Cannabis Bioavailability; What’s The Most Effective Method?

Are you all familiar with the term bioavailabilty? If you are not, you should be. The Merriam-Webster definition is the degree and rate at which a substance (as a drug) is absorbed into a living system or is made available at the site of physiological activity. The other important factor in increasing the bioavailability of medical cannabis is the food you eat. Studies show that fatty acids in the form of saturated fats act as intracellular carriers of THC and CBD. In other words, cannabinoids hitch a ride on these fats and make their way to their intended destination. That is why you see so many recipes combining coconut oil with cannabis. Other healthy foods that increase cannabis bioavailability include all dairy foods with 2% or more fat, eggs, non-factory farmed beef, lamb, pork & chicken, fish, shellfish, cocoa butter and palm oil.


Let’s go through the different delivery methods to see which have the highest bioavailability:


Studies show that when cannabinoids of THC and CBD are swallowed, the bioavailability is between 4% to 20%. This is attributed to a phenomenon known as “first pass metabolism” whereby the concentration of a drug is greatly reduced before it reaches the systemic circulation. Cannabinoids pass through the liver with little absorption, even though the user may be experiencing very strong psychotropic effects. It is important to note that when THC is metabolized by the digestive system, it converts to 11-OH-THC which is 4-5 times more psychotropic than THC. This explains why people who eat edibles report being uncomfortably high. They also erroneously equate the intense psychotropic effects with more cannabinoid absorption and more medicinal benefits. This is not the case. There are also differences in bioavailability amongst individuals, affected by many different factors. These include the person’s metabolism rate, sleep cycle, their drug and food interactions, the health of their gastrointestinal tract, age, and the formulation of the cannabis product.


Most of the evidence supporting the positive results of rectal cannabis suppositories is anecdotal. There have been very few studies on the bioavailability of suppositories but results suggest anywhere from 13.5% to 40%. They differ from oral methods in that they prevent first pass metabolism. In addition, the bioavailability of suppositories is quite different depending on its cannabinoid profile. It is interesting to note that THC-hemisuccinate, known as Marinol, has the best results.


With sublingual cannabinoid usage, the product is administered under the tongue. Most of the positive results are anecdotal. The spectrum of bioavailability of this method goes from slightly higher than oral availability to as much as 75%, depending on whom you believe. The reason for this is that it bypasses the digestive tract and goes directly into the bloodstream via the mouth. Since there is a salivary gland under the tongue, many users end up inadvertently swallowing the medicine which decreases its bioavailability to that of oral delivery. After smoking/vaporizing, the sublingual method is the second fastest delivery method.


Instead of placing the medicine under the tongue, it is placed inside the cheeks or on the gums. It has an advantage over the sublingual method in that it avoids the salivary gland and reflex swallowing. With the buccal application, a greater percentage of the active cannabinoids is absorbed compared to the sublingual method.


Many users prefer not to smoke and choose vaporizing, instead. In terms of its bioavailability, the two methods are virtually identical. Both methods avoid the first pass metabolism. The range is from 2% to 56%, depending on different studies. This can be attributed to the fact that experienced users have a higher range of cannabis bioavailability than newbies. It is the fast way to introduce cannabinoids into the system, but the least efficient method. Cannabis that is not absorbed by the lungs is exhaled and wasted.

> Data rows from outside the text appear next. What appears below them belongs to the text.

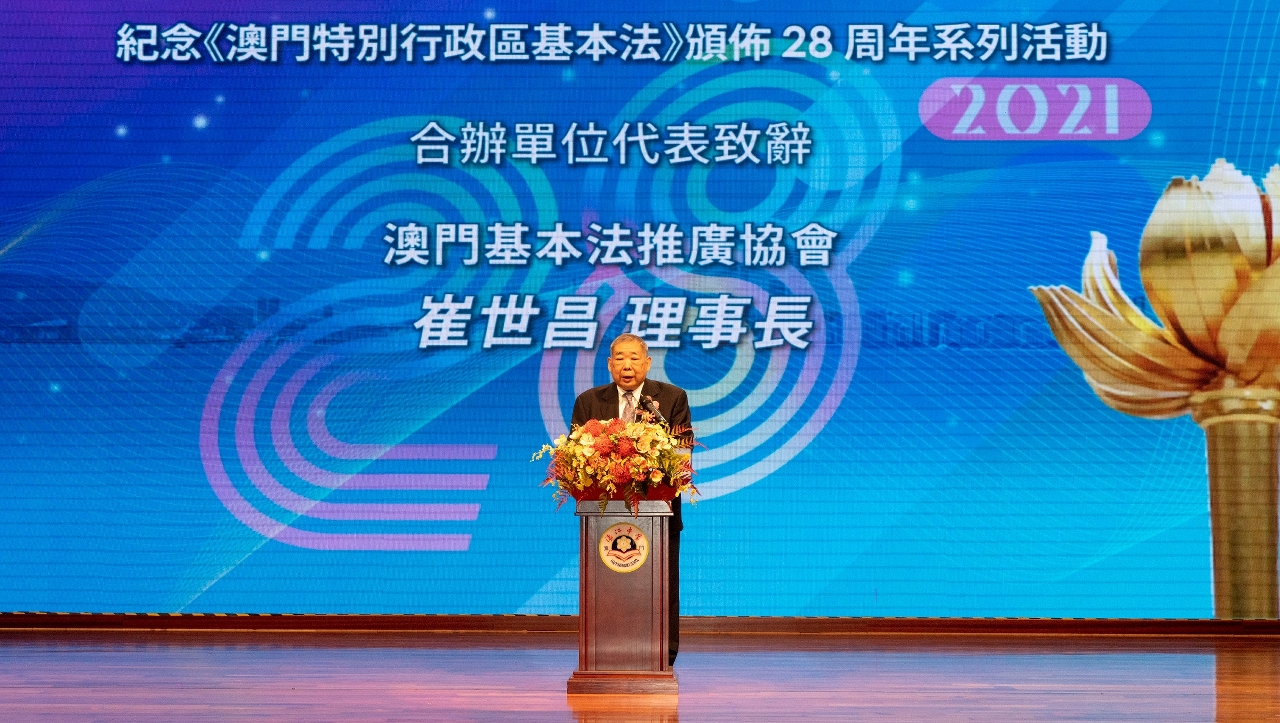 崔世昌理事長在代表合辦機構致辭時表示,《憲法》與《澳門基本法》是推進澳門加快融入國家發展大局的法律保障,是“一國兩制”的基石。多年來合辦機構都結合紀念基本法頒佈周年的契機,結合形勢發展與社會現實需要,持續深入摸索宣傳推廣基本法的模式,取得了有目共睹的成績。他強調,宣傳推廣《憲法》和《澳門基本法》要圍繞國家當前新發展階段、新發展理念、新發展格局這三個“新”方位做工作,幫助廣大市民,特別是年青人更好地認識祖國,在“粵港澳大灣區”的建設中尋求發展和進步,為保持澳門長期繁榮穩定,為維護國家安全做出貢獻。
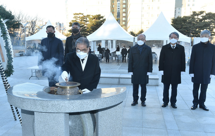 이재정 경기도교육감과 경기도교육청 간부들이 임인년 첫날인 지난 1일 경기 수원시 현충탑을 방문해 헌화·분향했다. 사진은 이 교육감(앞쪽)이 현충탑에서 분향을 하고 있는 모습. (사진제공=경기도교육청)
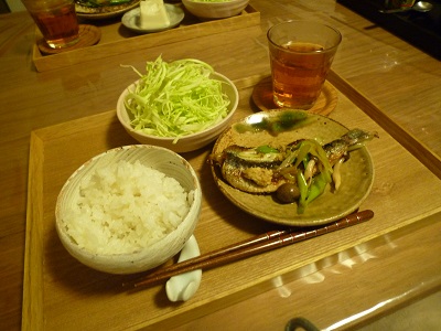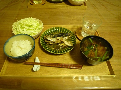 何とかつくった夕食。今日はお味噌汁はやめました。いわしはしょうがを利かしてくさみを消す&日本酒をつかいました。
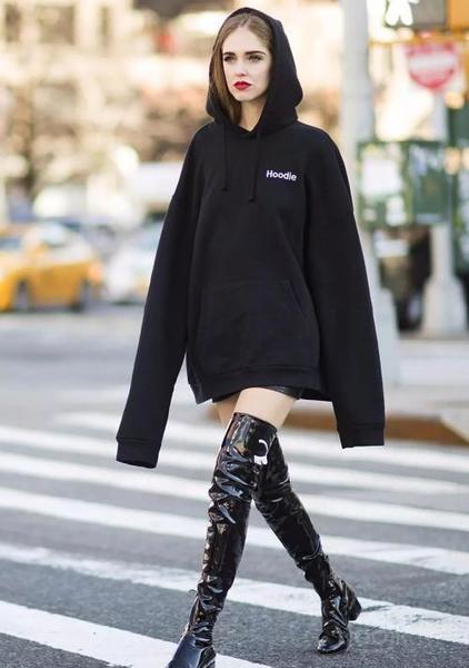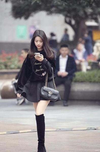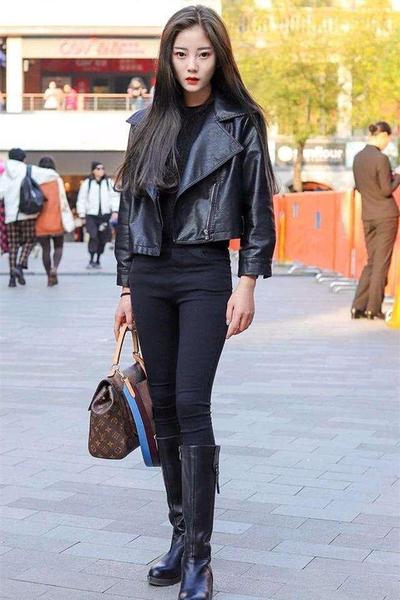下面三张图片模特都是采用同色系搭配的方式,靴子是黑色,衣服也是选用黑色的,这是我们平常的搭配,看得出小姐姐们的身材都很赞,靴子无论是搭配T恤,卫衣,还是皮衣都很好看,而小露一点点的肉又特别性感,要是我的腿瘦就好了,我也好想穿靴子。
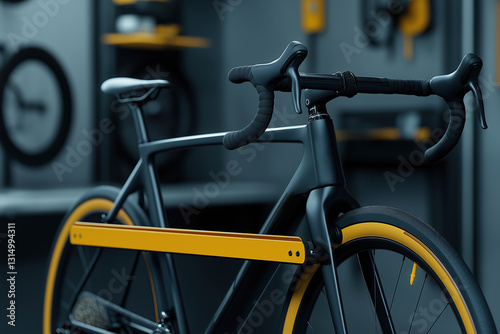 Modern bicycle with yellow accents in a sleek workshop environment
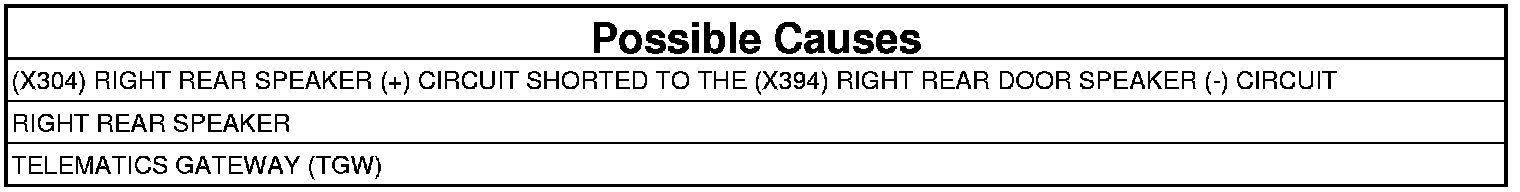 - Repair the (X304) Right Rear Speaker (+) circuit, and the (X394) Right Rear Speaker (-) circuit for a short together.
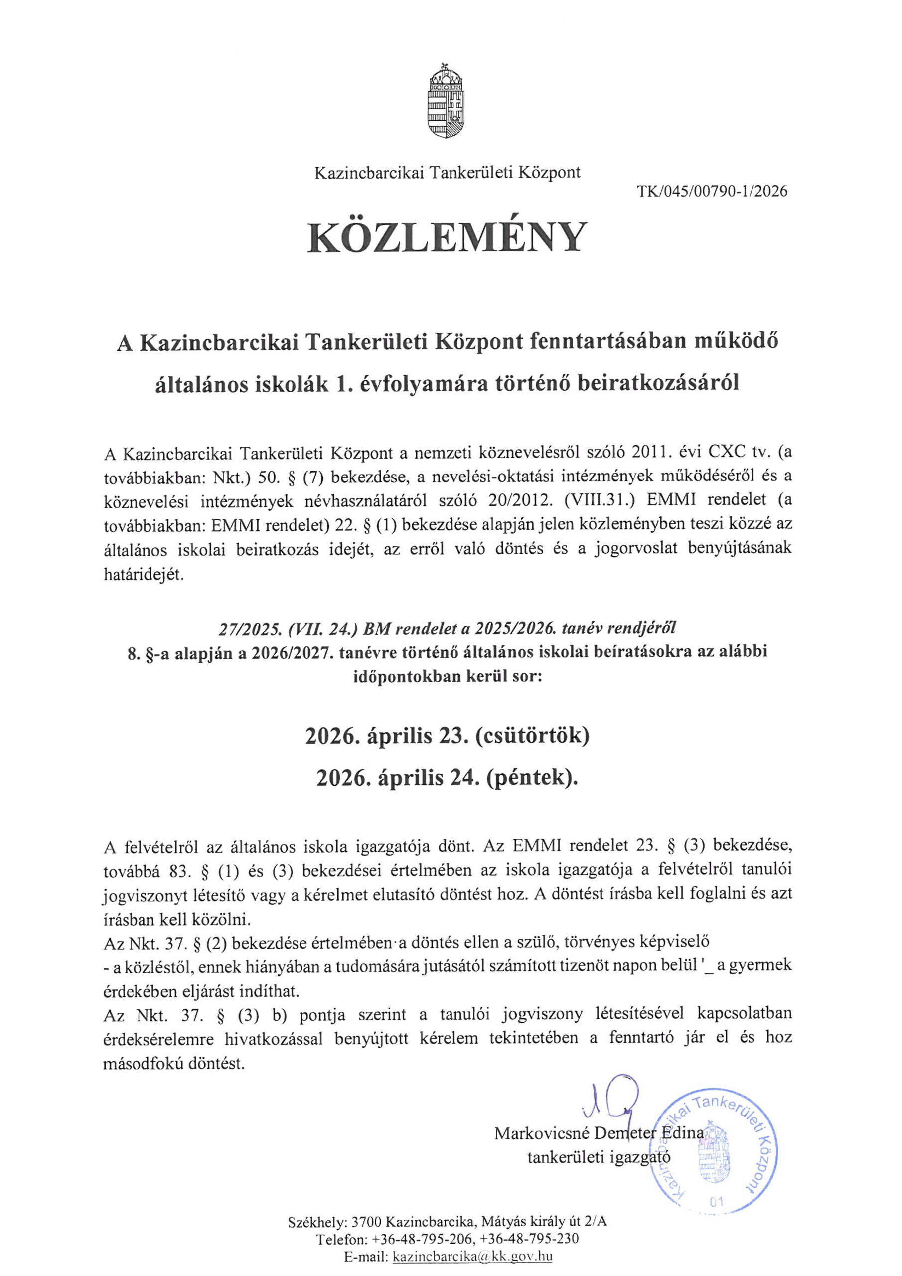 Tájékoztatás a 2025/2026 tanév tavaszi szünetben igénybevehető szünidei...

The effects last significantly less than all other delivery methods. This means the user has to consume more medicine to remain medicated.


Again, any positive results are anecdotal as there have been no studies on humans with transdermal patches, so there are no bioavailability percentages available. The positives are that transdermal patches avoid first pass metabolism and they offer a dosed amount of medicine for a longer period of time; 8-12 hours. Users must consider their high cost versus their effectiveness.

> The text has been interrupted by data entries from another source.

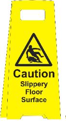 Double sided floor stand. Provides a quick and economical method for highlighting potential hazards. Folds flat for storage.
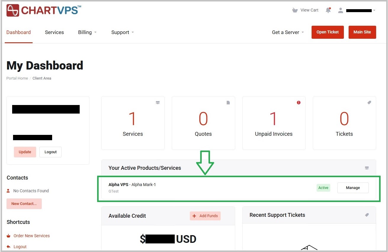 - Head over to your ChartVPS account via this link, http://portal.chartvps.com/ and login to the client Portal.
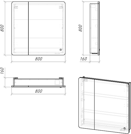 - Размер (ШxВxГ): 800x800x160 мм.
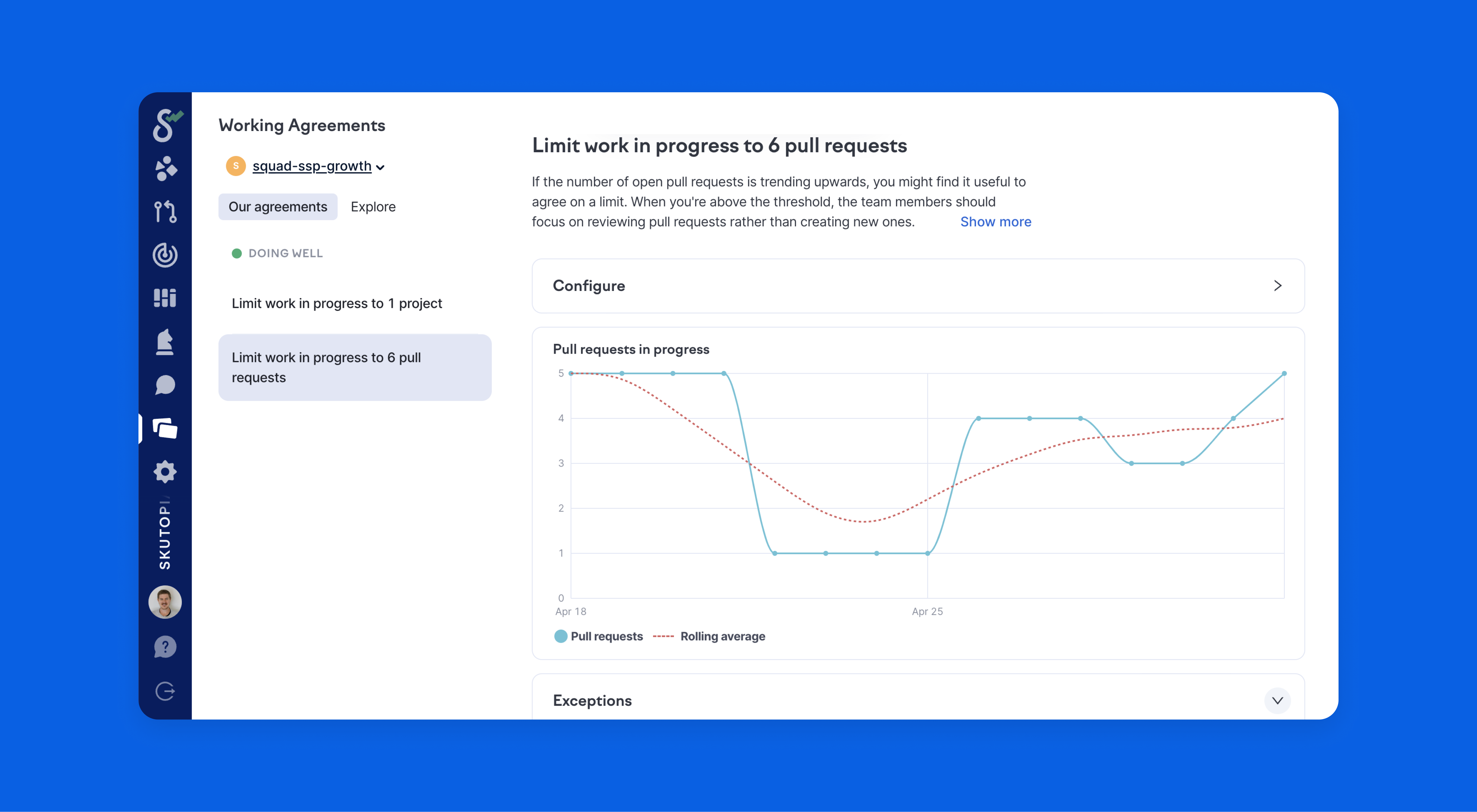 Since adopting the working agreement to limit the number of open pull requests, the team hasn’t gone over the limit once. They’re now able to focus on finishing the work they’ve started, rather than trying to multitask.
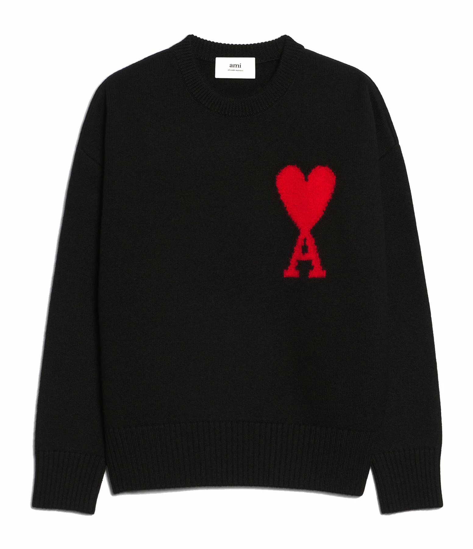 Pull en laine noir avec logo “Ami de cœur” brodé en rouge sur la poitrine. Col rond côtelé. Manches longues avec poignets côtelés. Coupe droite ample. Base droite côtelée.

They work by interacting with CB1 and CB2 receptors which are present in the muscles, skin, bones, peripheral nerves and synovial fluid within joints. We must rely on anecdotal evidence as there are no scientific studies supporting these products. If they work for you, then go for it!

Lastly, here are 2 interesting facts to note:

THC appears to be more bioavailable than CBD

CBD is 10 times more permeable than THC when used transdermally (passing through the skin).

Alrighty! That is a whole lot of information to take in. I hope I have piqued your interest into considering trying different delivery methods to find the one that works best for you. So many factors!